All this makes me wonder, what happens when the touchy-feely-togetherness types that run the Dunster, Eliot and Adams house committees decided to break the rule of stereotypes--how about a Samurai dance? Or better yet, a Halloween MasqueRave? "I think it's cool," explained Natalie Boutin, chair of the Dunster committee. "It brings together the whole campus."

Right, okay, put a check in the togetherness column...but what about sanity? What about some semblance of order? I mean, there I was, a lame excuse for an American flag (you know you're in a liberal bastion when wearing red, white and blue provokes the refrain, "Republican, right?") wandering through a packed Adams dining hall. Walking by the platform (a moon is dancing with Madonna's book (the dress is Mylar and she wears a $49.95 price tag. The music is pounding. There's a cage...and more costumes: a woman dressed as spider-woman, a guy dressed as Quatto from "Total Recall," and another as, in his words, "a Spee guy." This was as close to chaos as Harvard gets.

Maybe it was coincidence that the Adams-Eliot-Dunster get-together turned into a throbbing mass of transvestites and extra-terrestrials but I doubt it. And people there couldn't get enough of the stuff. The crowd was stupefying--even the police seemed overwhelmed. It seemed to me that Harvard's fundamental principle of "diversity on the outside, homogeneity on the inside" was being violated and, like when you cross the streams, "that would be bad."
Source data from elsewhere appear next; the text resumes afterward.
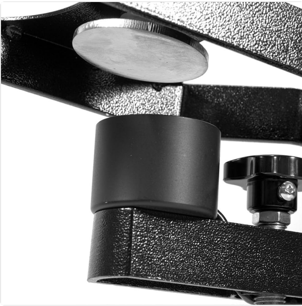
Figure 3.3: Close-up of the magnetic auto-open mechanism, ensuring precise timing.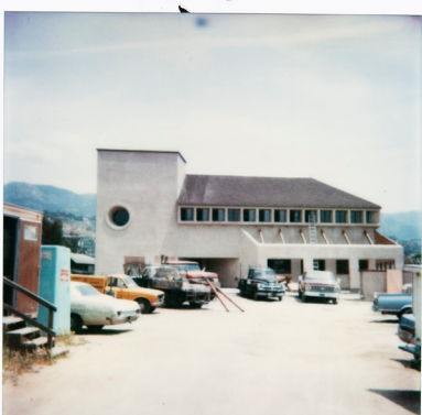
PP/SB Katharine Gray Center May 25, 1978

Throughout our 60 years we saw major expansions of access - including the legalization of birth control and abortion. In 1973 abortion became federally protected with the Roe v. Wade decision, and in 1979 we added this important service to the long list of services we provided.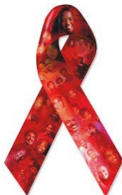
Trends in HIV/AIDS, Connecticut, 1980-2006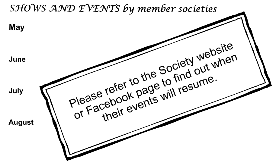
All events in the Auditorium, Brisbane Botanic Gardens, Mt Coot-tha have been cancelled until 31 August.

Please advise Secretary of any shows in September, October, November, December to be included for July issue.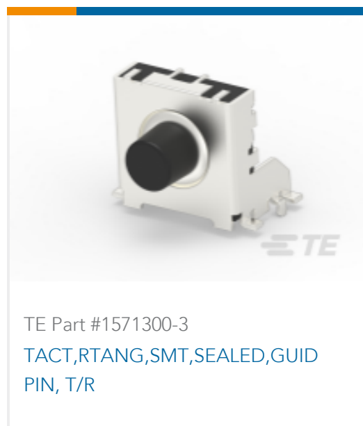
TE Part #1571300-3 TACT,RTANG,SMT,SEALED,GUID PIN, T/R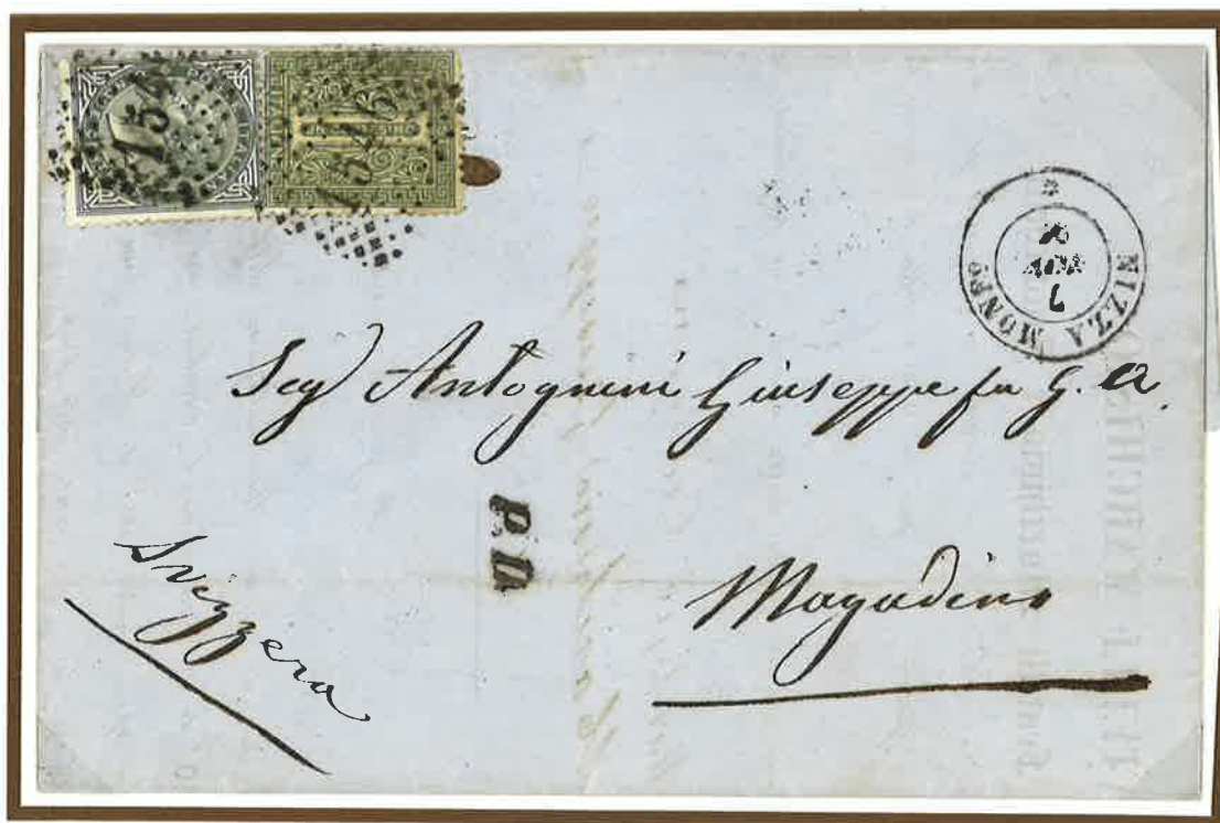
7 November 1866. Double rate printed matter from Nizza Monferrato to Magadino (Switzerland), where arrived on 8 November, prepaid 6 centesimi to destination.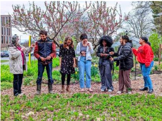
Participants from the Women of Color Leadership Network on a tour of the garden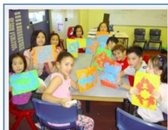
Arts and crafts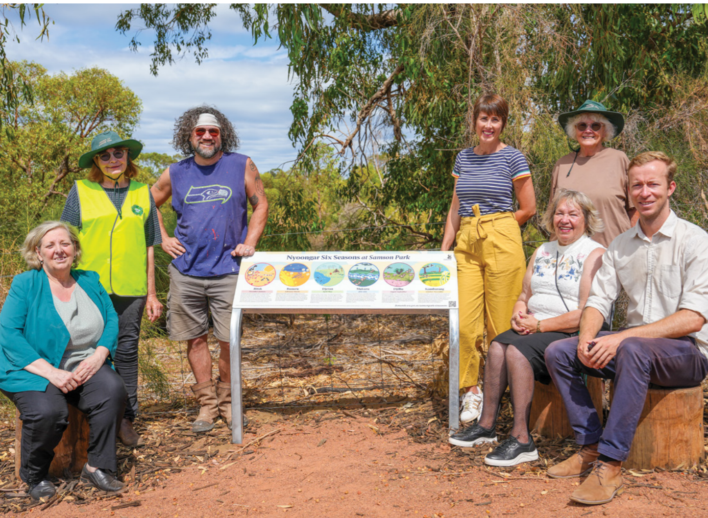
Unveiling the Nyoongar Six Seasons signage at Samson Park.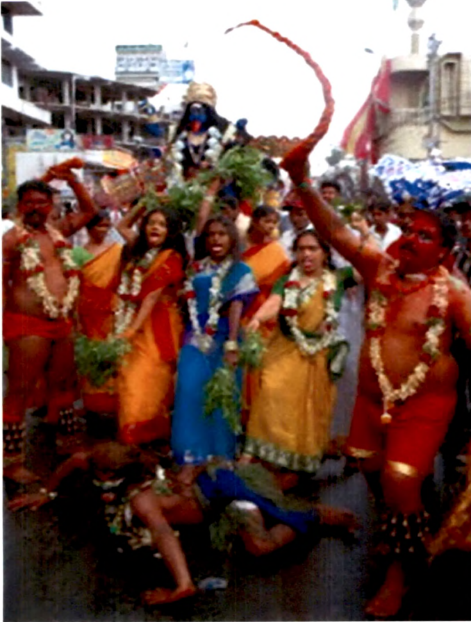
6.45. Potharajulu -known as brothers of goddess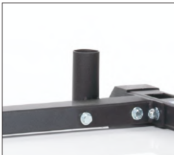
CG-8822 Olympic Bar Storage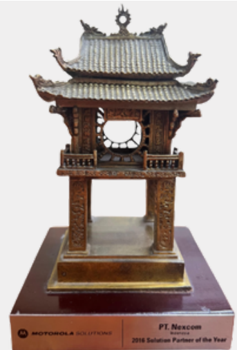
Solutions Partner of the Year 2016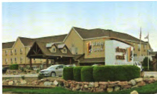
Stoney Creek Hotel

Attendees are responsible for securing their own lodging. A block of rooms are being held until April 2, 2019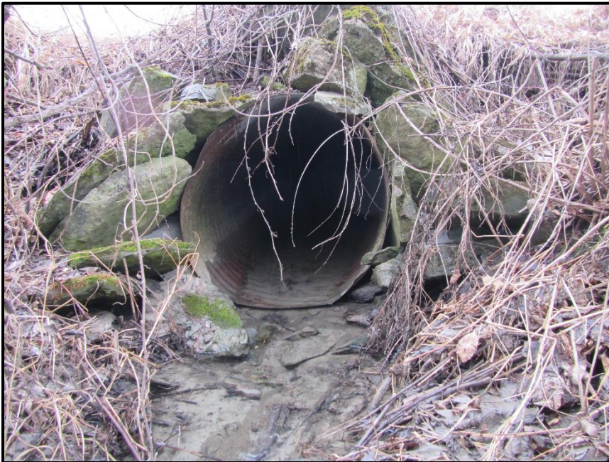
Photograph 6: 850 mm CSP culvert between the upstream and downstream portions of Survey Site #3 (March 24 th , 2021).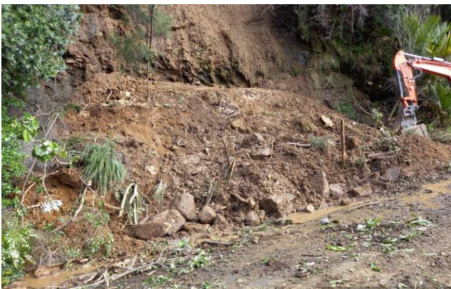
Site 7 - Old Coach Road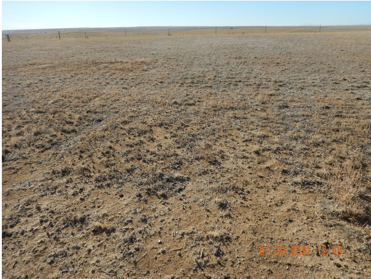
Photo 4. Photo taken from the well location, facing West. See comments under Photo 1.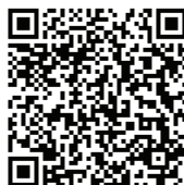
ecoSchwank Installation Manual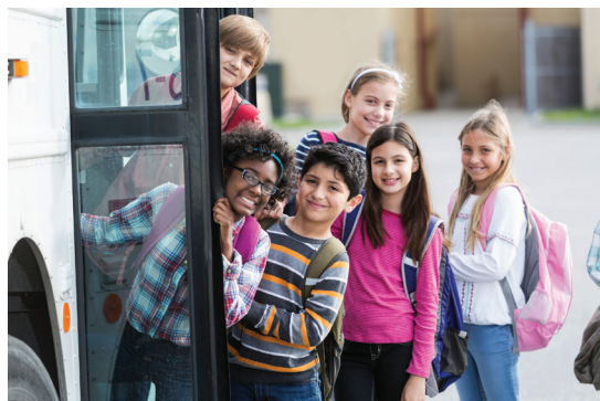
Students boarding a bus in Alameda County.

The program was implemented from August 2016 through July 2019, and several pilot program models have been tested during this time to evaluate the best future options for Alameda County. In March 2016, the Commission approved a site selection framework and a shortlist of 36 school sites that are eligible during the three-year pilot program. Throughout this process, feedback was solicited from interested stakeholders.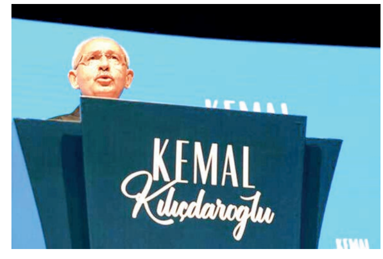
Opposition leader Kemal Kilicdaroglu intends to run a more hard-edged campaign ahead of the second round.

TÜRKIYE'S opposition tried on Wednesday to recover from a crushingly disappointing election performance and launch a new attack aimed at beating President Recep Tayyip Erdogan in a 28 May runoff.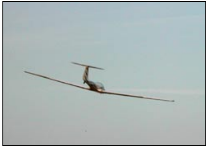
This is the full scale plane that buzzed the field Saturday morning.

Over the weekend I saw lots of nice planes and equipment, and lots of nice flying, both in the contest and after. Saturday and Sunday morning the field was buzzed a full scale plane that got down to about 40 feet on one pass, and actually did a touch and go on another, both with the motor off!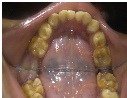
Figure 2: Pre-operative picture of mandible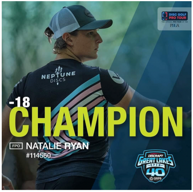
Photo 3: A male becomes the women's champion in disc golf in competition against Catrina Allen and other females.

workout plan and am known as a fighter, there is no outworking the physical advantages that a male has. I have since faced four different males in the female category in 26 different tournaments. The worst part is if the women speak out and share their feelings of defeat and frustration, they fear loss of sponsorships and the very public wrath of those defending the male athletes. The women feel helpless, scared, voiceless and isolated.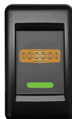
HU1361AG-03 Work Lights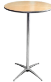
12" Belly Bars QNTY: 2 $15/ ea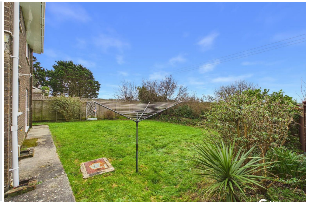
Tehidy Gardens, South Tehidy, Camborne, TR14 0ET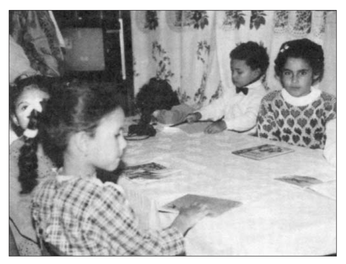
Because their families cannot afford to pay for the private tutoring sessions necessary to pass exams, most poor children drop out and illiteracy rates remain high, especially for girls.

I was told that one of every five Egyptians is in some way part of the security network, either as a member of the army, the police, or the secret police, or as a guard or informer. Others have told me that this is an exaggeration, but agree that the security system is immense and all-pervasive.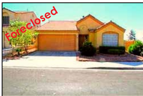
Ref #1356497 • 2 Bedrooms • 2 Baths • 1374 Sq. Ft. Year: 1989 • Lot Size: 5227 Sq. Ft. • Pool Desert Palms • $187,000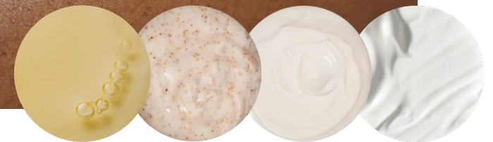
From left to right: Bumps A Daisy Face, Bump & Body Oil 100ml | 1L Bumps A Daisy Top to Toe Polish 250g | 2.5kg Bumps A Daisy Face, Body & Bump Moisturiser 250ml | 1L Sole Food Foot Nutrition 50g | 1L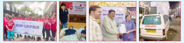
Organised Heart Day Marathon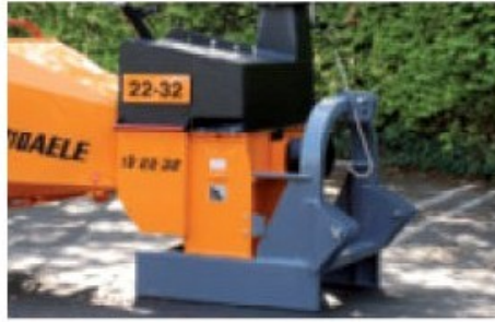
Standard 3-Point hitch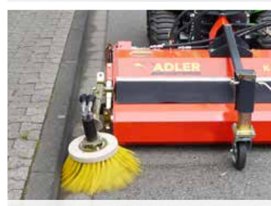
Rotary side bruh in use

I stopped at the Crimson later that night to comfort several colleagues chained to reality as they struggled to close out an election supplement. The Crimson, however, was not spared from the chaos. There was a party upstairs in our rental space and, as in Adams House, the music throbbed and the feet pounded overhead. Unlike Adams, though, the Crimson building was not constructed for all-purpose use. Each drum sequence shook the support beams. "The place," a friend said, "is going to crumble. Those people will come crashing through the roof, into the newsroom." We agreed that the computer network would be the first to go. That would be bad enough, we decided, but even worse, we'd then get scooped on the "Crimson collapses" story by the Indy.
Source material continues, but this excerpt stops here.